Some items may be promoted as beneficial for brain or heart health, aid in digestion, enhance weight loss, alleviate symptoms of diabetes, or even fight cancer. Few efforts have been made, to date, to market commodities specifically to the U.S. Hispanic market using the superfood label. But a health message can appeal to Hispanic shoppers as well.

“Items such as avocados and verdolaga can be marketed as ‘superfoods’ to both Hispanics and the general market,” asserts De Los Santos. “Both are high in nutritional value. There’s a trend among U.S. Hispanics to eat healthier, and many have started to look at the dishes their parents and grandparents used to eat for healthy foods to add to their diets.”

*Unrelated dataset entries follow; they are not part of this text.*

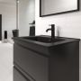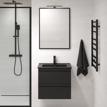 Komplett baderomsmøbel som inneholder en moderne tynnere porselensservant, et sort matt underskap ...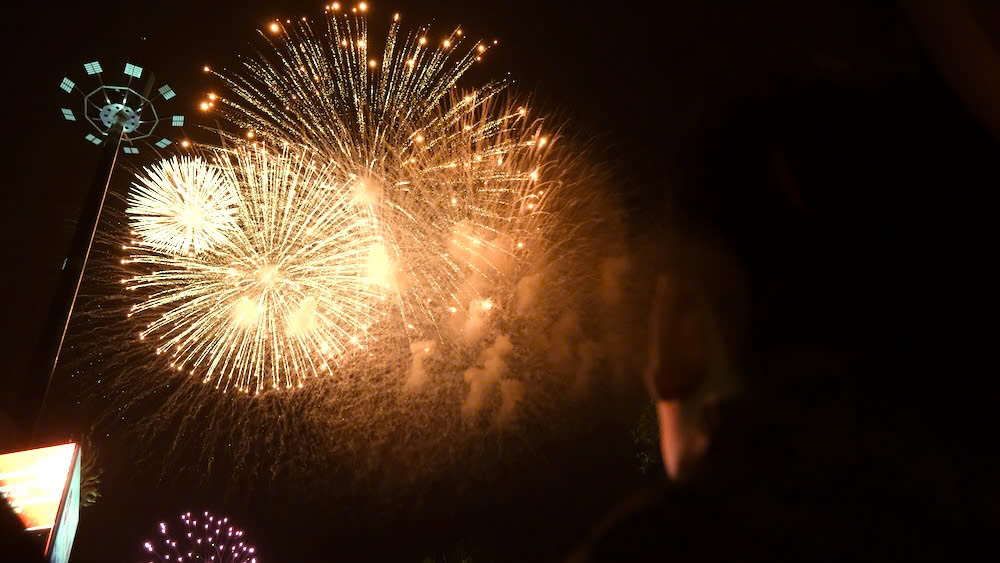 According to Lao Dong's records, right from 5 pm on January 23, a crowded flow of vehicles headed towards My Dinh area. Many people and tourists headed towards the roads around the stadium to wait for art fireworks displays and especially the 15-minute high-altitude fireworks display to end the program.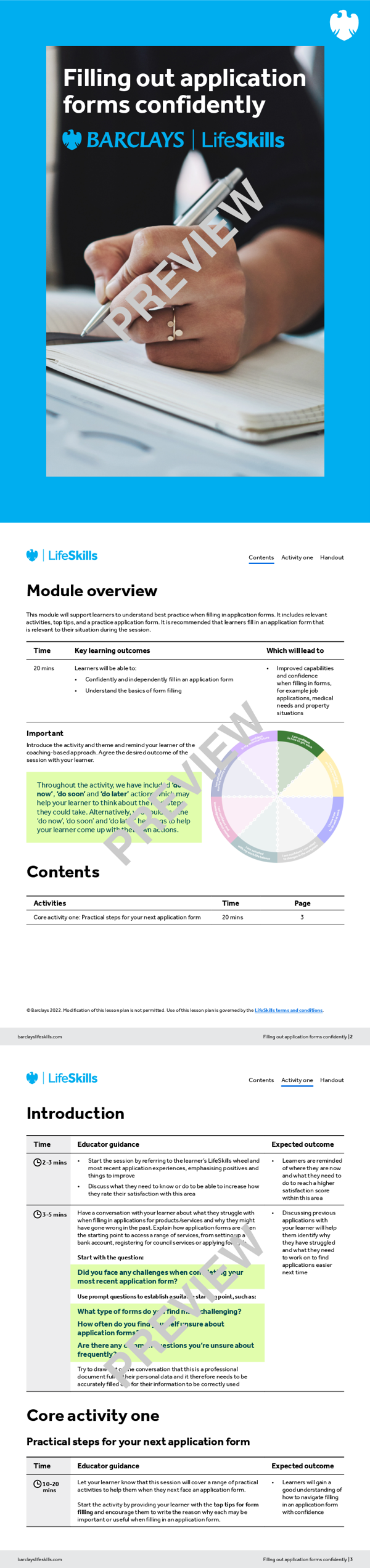 This module will support learners to understand best practice when filling in application forms. It includes relevant activities, top tips, and a practice application form. It is recommended that learners fill in an application form that is relevant to their situation during the session.

Familiarity, however, drives sales more than any health message at this point. “For the Hispanic market, it’s not as much the health aspect as the fact that it’s a fruit they grew up with,” comments Claudia Pizarro-Villalobos, director of marketing and culinary at D’Arrigo Bros. of California, in Salinas, CA. “They know how to prepare it and it’s familiar to them.”

D’Arrigo Bros. specializes in commodities with origins in Sicily, including some that also appeal to Hispanic consumers, such as cactus pears and nopalitos. Both promote diabetes control and have been credited with weight loss, among other benefits.

Buying and Trying
A clear indication that healthier foods resonate with Hispanic consumers is the correlation between buying habits and fresh produce consumption.

The most recent “State of the Plate” study from the Produce for Better Health Foundation, based in Wilmington, DE, found U.S. Hispanics ate fruit more than non-Hispanic consumers, though slightly less than Asians in the United States. For the vegetable category, Hispanics ate more vegetables than all groups.

In another illustration of the potential power of a health message, 52 percent of U.S. Hispanics say they eat healthy foods, across all product categories, even though they are more expensive, versus 41 percent of U.S. shoppers overall, according to Acosta Sales and Marketing’s “The Why? Behind the Buy” shopper survey.

In addition, 44 percent of U.S. Hispanics say they often buy natural or organic products because they believe they are better for them (compared to 31 percent of shoppers in general) and 43 percent eat natural foods even though they are more expensive, versus 30 percent of total shoppers in the United States, according to Acosta.

Lastly, Hispanics are also more likely to try and integrate new foods, including fruits and vegetables, into their diet more often than non-Hispanics.